§ **TASK TO COMPLETE**:
Reproduce the listing below word for word, with no pictures.

COLLECTED DATA: Begin

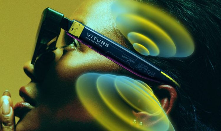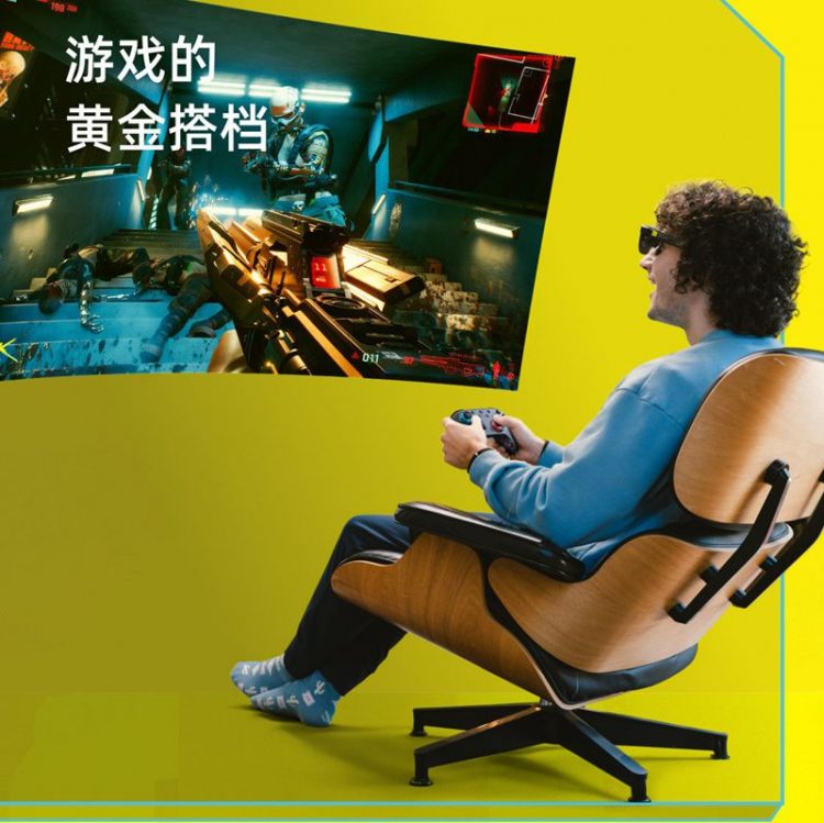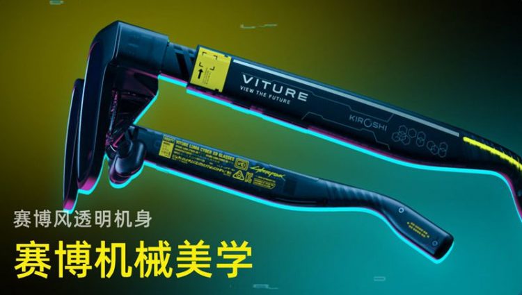 VITURE Luma Cyberpunk 2077 XR/AR 智能眼镜采用透明材质,显示机械美学,内置巨幕,自带音响,实现超清视频显示,用于游戏、娱乐、工作。
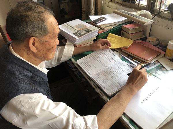 在每天收到的各份報紙上,章思滾會將最新政策內容裁剪下來,用于自己學習及備課。人民網 張帆攝
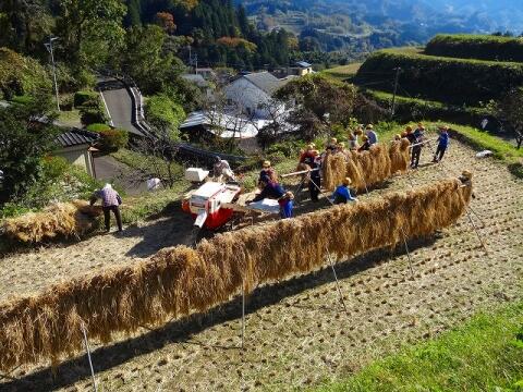 10月26日(月) 5・6校時に「稲刈り」を体験しました。慣れない釜を持っての作業に苦労する児童もいましたが、何とか稲を刈り取って麻ひもで束ね、竹竿にかけていきました。大変な作業でしたが、最後までやり遂げることができました。
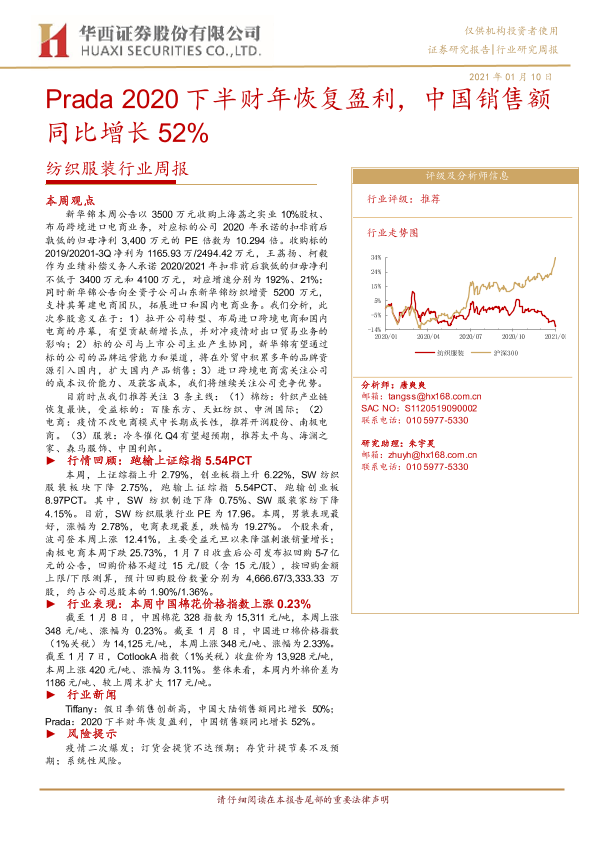 【华西证券】【20210110】20210110-华西证券-纺织服装行业周报:Prada2020下半财年恢复盈利,中国销售额同比增长52%-13页

COLLECTED DATA: End

§ **TASK OUTPUT**:
 VITURE Luma Cyberpunk 2077 XR/AR 智能眼镜采用透明材质,显示机械美学,内置巨幕,自带音响,实现超清视频显示,用于游戏、娱乐、工作。
 在每天收到的各份報紙上,章思滾會將最新政策內容裁剪下來,用于自己學習及備課。人民網 張帆攝
 10月26日(月) 5・6校時に「稲刈り」を体験しました。慣れない釜を持っての作業に苦労する児童もいましたが、何とか稲を刈り取って麻ひもで束ね、竹竿にかけていきました。大変な作業でしたが、最後までやり遂げることができました。
 【华西证券】【20210110】20210110-华西证券-纺织服装行业周报:Prada2020下半财年恢复盈利,中国销售额同比增长52%-13页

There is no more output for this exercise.